No dia seguinte, como sempre, saí do quarto já perto da hora limite do café da manhã, e me aguardava uma copa tão precária quanto o banheiro, com mesas e cadeiras, uma térmica gigante com café, pão, margarina (dentro do pote de meio quilo, mesmo), leite, açúcar e era isso. Enquanto tomava café, apareceu um senhor que havia me emprestado o sabonete no dia anterior, que aliás morava no hotel (seu quarto era repleto de troféus, provavelmente de futebol ou esnuque, digo, snooker). Ele me cumprimentou, foi entrando na cozinha, pegando o que precisava, se serviu rapidamente, e enquanto ainda engolia os goles de café já foi lavando seu copo na pia. Ele saiu, e logo ouvi alguém que parecia estar morrendo para subir as escadas, era um senhor bem velho, provavelmente com insuficiência cardíaca, eu acenei para ele, mas ele não respondeu. Seguiu tropegamente para a mesa do café, se serviu, eu lhe disse "estou com a margarina aqui, se o senhor quiser" e ele me olhou, com uma expressão que misturava surpresa e reprovação por eu existir e estar ali naquele momento, e continuou se servindo com a mão trêmula, porém sem derramar ou derrubar nada. É cada cena que se vê nessas viagens.

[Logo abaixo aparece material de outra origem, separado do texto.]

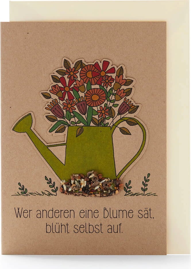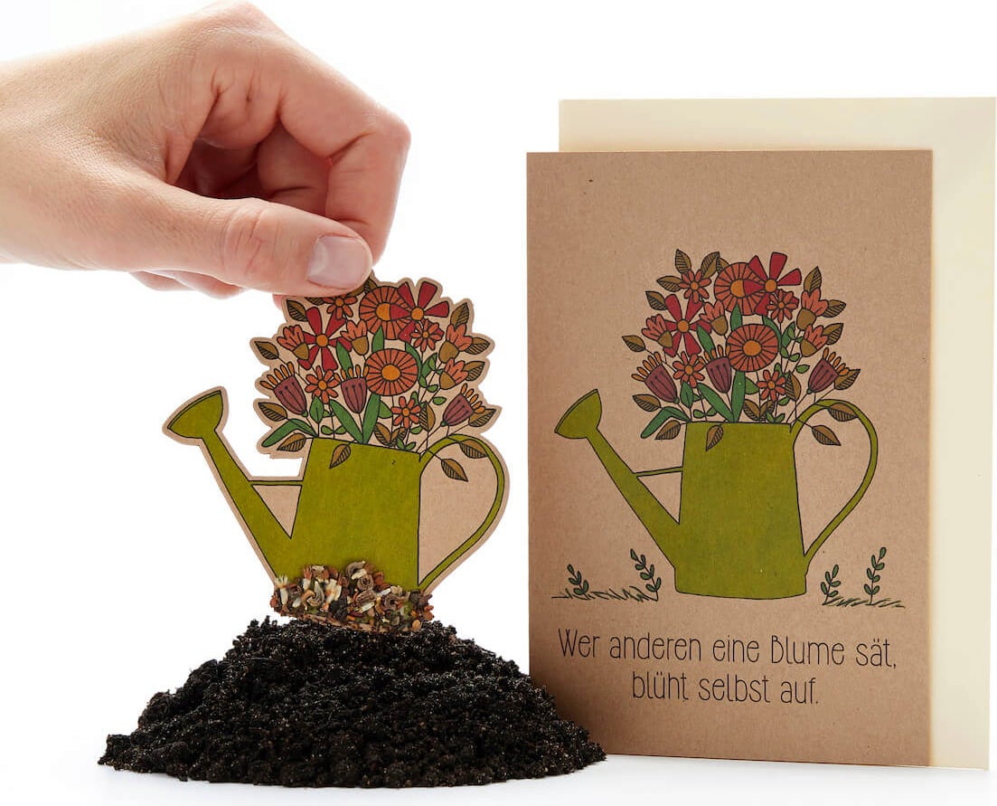 La particolarità? L'annaffiatoio del bigliettino è pieno di semi! Chi lo riceve infatti può staccarlo dalla carta e piantarlo. Dopo un po' di tempo e le giuste cure, cresceranno tanti bei fiori di campo.

Terminei de me arrumar, vesti e calcei as roupas ainda bastante úmidas, e fui me dirigindo para a estrada. Saindo dali, já peguei uma longa subida, e seguindo adiante logo em seguida longas e velozes descidas de mais de 70 por hora. A estrada não possuía acostamento, mas também tinha pouco movimento, e eu pude exercitar meu novo passatempo da viagem: cantar, bem alto, já que minha voz não é das melhores e para alcançar as notas mais agudas eu tenho que cantar muito alto. Para terem uma idéia, meu repertório incluía Elis Regina.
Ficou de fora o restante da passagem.